Nicht vergessen werden darf dabei, dass knapp die Hälfte unserer Einsatzkräfte selbst direkt oder indirekt vom Hochwasser betroffen waren. Die Kameraden waren mit der Rettung der eigenen vier Wände beschäftigt und fehlten uns wiederum als Einsatzkraft (wenngleich auch manche von ihnen es schafften, beides gleichzeitig zu stemmen). Zusätzlich zu den beschriebenen Einsätzen im Stadtgebiet Burgau waren wir überdies hinaus auch als Abschnittsführungsstelle vom 31.05-08.06. bei allen (nicht zeitkritischen) Unwettereinsätzen im Inspektionsbereich Burgau von Offingen bis Burtenbach mit eingebunden. Wir übernahmen für diese Einsätze die Funktion der Leitstelle und alarmierten bzw. koordinierten die zuständigen Feuerwehren und übernahmen den Kontakt zur „Führungsgruppe Katastrophenschutz“ (FüGK) im Landratsamt Günzburg. Nicht vergessen werden dürfen auch die über 200 weiteren Einsatzstellen im Stadtgebiet, wie einbrechende Stützmauern, brennende E-Fahrzeuge auf überfluteten Straßen, im Fahrzeug eingeschlossene Personen, statische Probleme an Tiefgaragen uvm., die uns Tag für Tag zusätzlich auf Trab hielten und kaum ein Durchatmen ermöglichten.

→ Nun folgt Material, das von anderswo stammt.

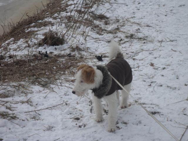 Hij is al heel erg verwend, kijk maar naar z'n nieuwe jasje, lekker warm voor in de sneeuw.
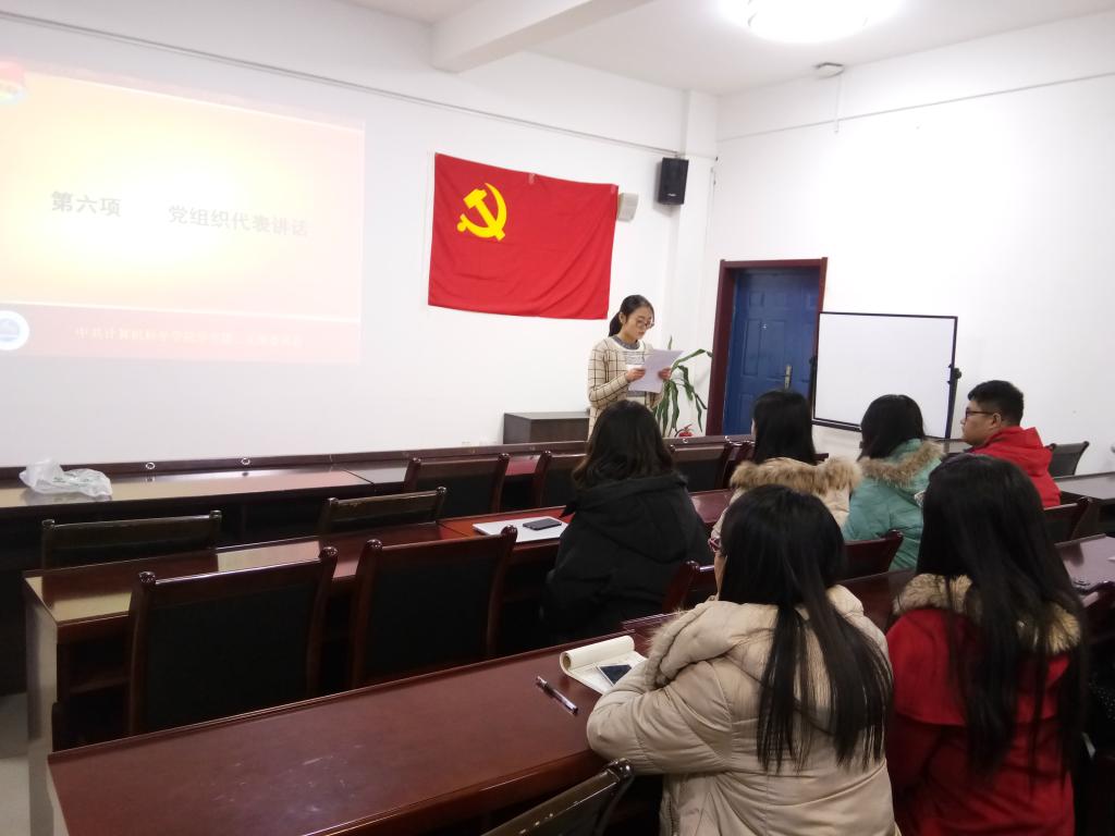 1月3日晚,学院学生第二党支部在学院报告厅举行预备党员入党宣誓仪式。仪式由支部书记安琪主持,支部委员蒋欢以及八位预备党员参加了宣誓仪式。

Am Ende dieser eineinhalb Wochen bleibt bei uns neben einer ordentlichen Portion Schlafmangel auch ein Stück weit Fassungslosigkeit über die Gewalt der Natur, Mitgefühl mit allen, die in irgendeiner Form durch das Hochwasser zu Schaden gekommen sind, aber auch Dankbarkeit und ein bisschen Freude über die wirklich großartige Unterstützung, die wir von den Kameraden aus ganz Deutschland, von Burgauer Bürgerinnen und Bürgern und von zahlreichen Burgauer Firmen und Betrieben erfahren durften!

Gott zur Ehr, dem Nächsten zur Wehr!